At different temperatures of 6–14 °C spaced by 2 °C, the laser wavenumbers versus driving current are shown in Figure 2b. Current and temperature-controlled wavelength tuning coefficients for this ICL were experimentally determined to be −0.141528 cm−1/mA and −0.30138 cm−1/°C, respectively, larger than those for QCLs. For the available temperature (6–14 °C) and current ranges (10–55 mA), the single frequency spectral tuning range of the laser wavenumber was determined to be 2994.2 cm−1–3002.7 cm−1. An ICL injection current of 47 mA, combined with a 10 °C operation temperature, was selected for the reported C2H6 concentration measurements.
2.3. Sensor Architecture
A schematic of the QEPAS based C2H6 sensor is shown in Figure 3a. The ICL is equipped with a collimation lens and emits single-mode radiation at a center wavelength of 3337 nm. The collimated beam that exits the TO66 header then passes through a pinhole to reduce the beam diameter due to the fact that the diameter of the original collimated beam is ~6 mm, which is wider than the 300 μm gap between the two prongs of the QTF. The spatial filter consists of two plano-convex CaF2 lenses (L1 and L2) with the focal lengths of 5 cm and 4 cm, respectively, and a pinhole with a diameter of 300 μm positioned at the focus position of the two lenses, L1 and L2. The output beam from the spatial filter is directed to an ADM. The ADM includes a standard QTF and two thin metallic tubes with 4 mm length and 0.8 mm internal diameter, which act as acoustic micro-Resonators (AmR) [26]. The ICL beam must be focused through the tubes and the gap between the prongs of the QTF in order to avoid photo-thermal effects and minimize background noise sources [19,27]. A power meter (Ophir, model 3A) is used to monitor the power of the beam after the ADM, verifying that the ICL beam completely passed through the ADM. The ADM is placed in a gas enclosure with a gas inlet and outlet. A pressure controller (MKS Instruments, Inc., USA, model 649) and a vacuum pump are employed to control and maintain the pressure inside the ADM. A needle valve and flow meter are used to control and monitor the gas flow in the sensor system. A photo of the optical system is shown in Figure 3b.
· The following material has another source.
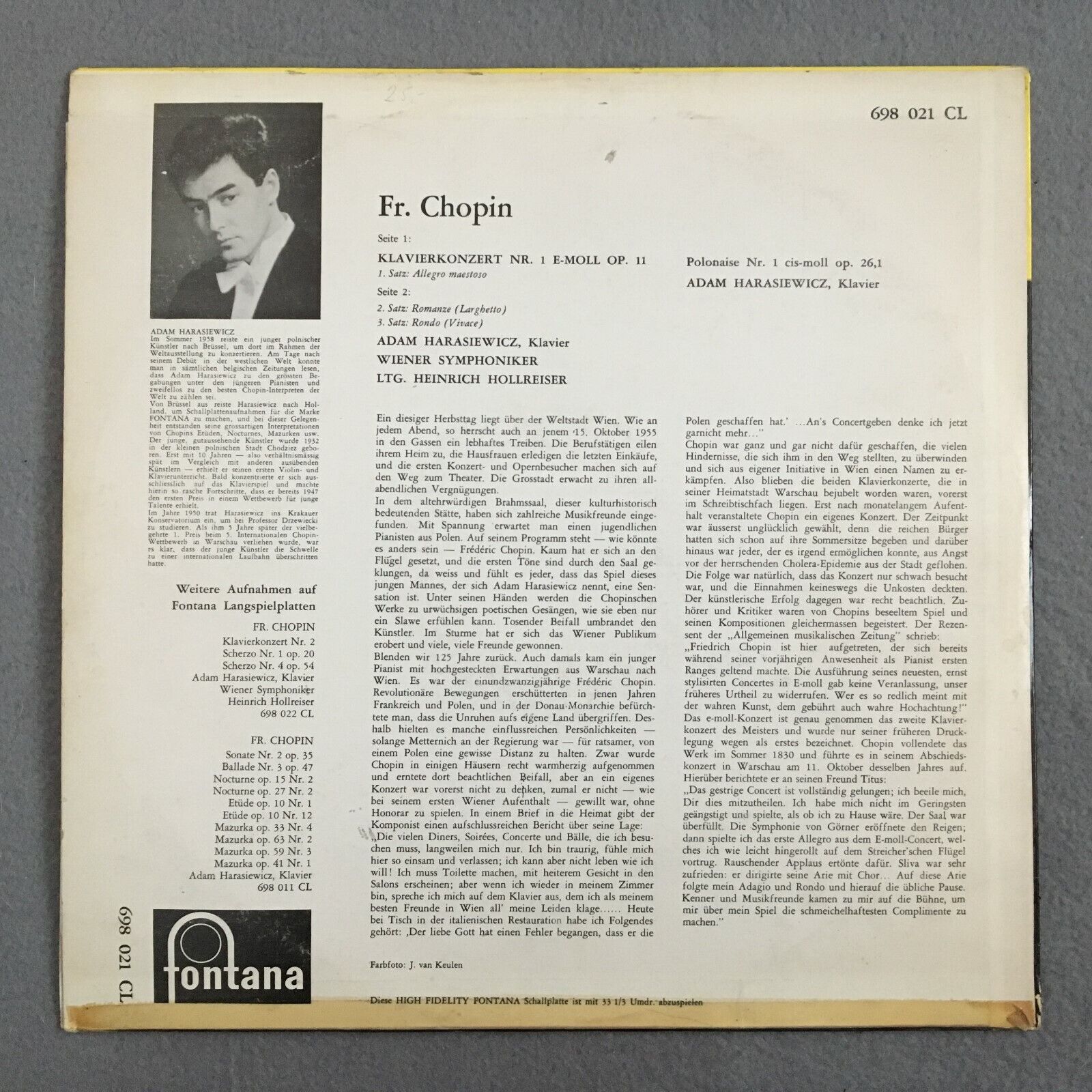 X326 Chopin Piano Concerto Harasiewicz Hollreiser VSO Fontana 698 021 CL Stereo

A triangular wave was used to tune the laser wavelength to scan the absorption line near 2996.88 cm−1. Meanwhile, a modulation signal at half of the QTF resonance frequency was applied to modulate the ICL wavelength. The generated electric signal from the QTF was first processed by a pre-amplifier to enhance the SNR and then sent to a lock-in-amplifier for extraction of the 2f signal, whose amplitude represents the C2H6 concentration.
2.4. Optimization of Modulation Depth
In order to obtain the best sensor system detection sensitivity, the gas pressure and modulation depth for wavelength modulation spectroscopy (WMS) should be optimized [28,29]. A certified standard cylinder containing 1 ppmv C2H6 balanced by UHP N2 was employed for the optimization of the ethane sensor system. For each individual pressure ranging from 50 Torr to 200 Torr, the amplitude of the 2f signals was recorded with different modulation depths as depicted in Figure 4. The results demonstrate that the maximum 2f signal of this QEPAS system is observed at 100 Torr and with a modulation depth of 0.106 cm−1. For the same modulation depth, the 2f signal amplitude at a pressure of 200 Torr is 34.6% lower than the maximum value. The 2f signal increases with the modulation depth and decreases when the modulation depth is >0.106 cm−1.
3. Sensor Performance and Discussion
3.1. Estimation on SNR
A sinewave signal with a frequency of 16.3 kHz and amplitude of 0.016 V was used to modulate the ICL wavelength, leading to a modulation depth of 0.106 cm−1. The driving current and laser temperature were set to 47 mA and 10 °C for the ICL wavelength to be centered at 2996.88 cm−1. The pressure in the ADM was set to 100 Torr in order to avoid spectral interference from CH4. The signal from the QTF was first sent to the lock-in amplifier and then to a DAQ card. The sampling rate of the DAQ card was set to be 1 kHz. With a 1 s lock-in integration time, the 2f signal was acquired using a triangular wave with a frequency of 0.01 Hz and a peak-to-peak amplitude of 20 mV by scanning the laser wavelength. A spectral scan corresponding to a C2H6 concentration (1 ppmv) is depicted in Figure 5a. The amplitude of the 2f signal is ~8.44 V. The background noise was measured by flushing the ADM with ultra-high purity (UHP) nitrogen for one hour, as shown in Figure 5b. The noise level (standard deviation for one hour) is ~0.12 V. In this case, the calculated SNR, which was defined as the ratio of the signal amplitude to the 1σ noise level, was ~70.3. A minimum ethane detection sensitivity of 1 ppmv/70.3 ≈ 14 ppbv can thus be estimated.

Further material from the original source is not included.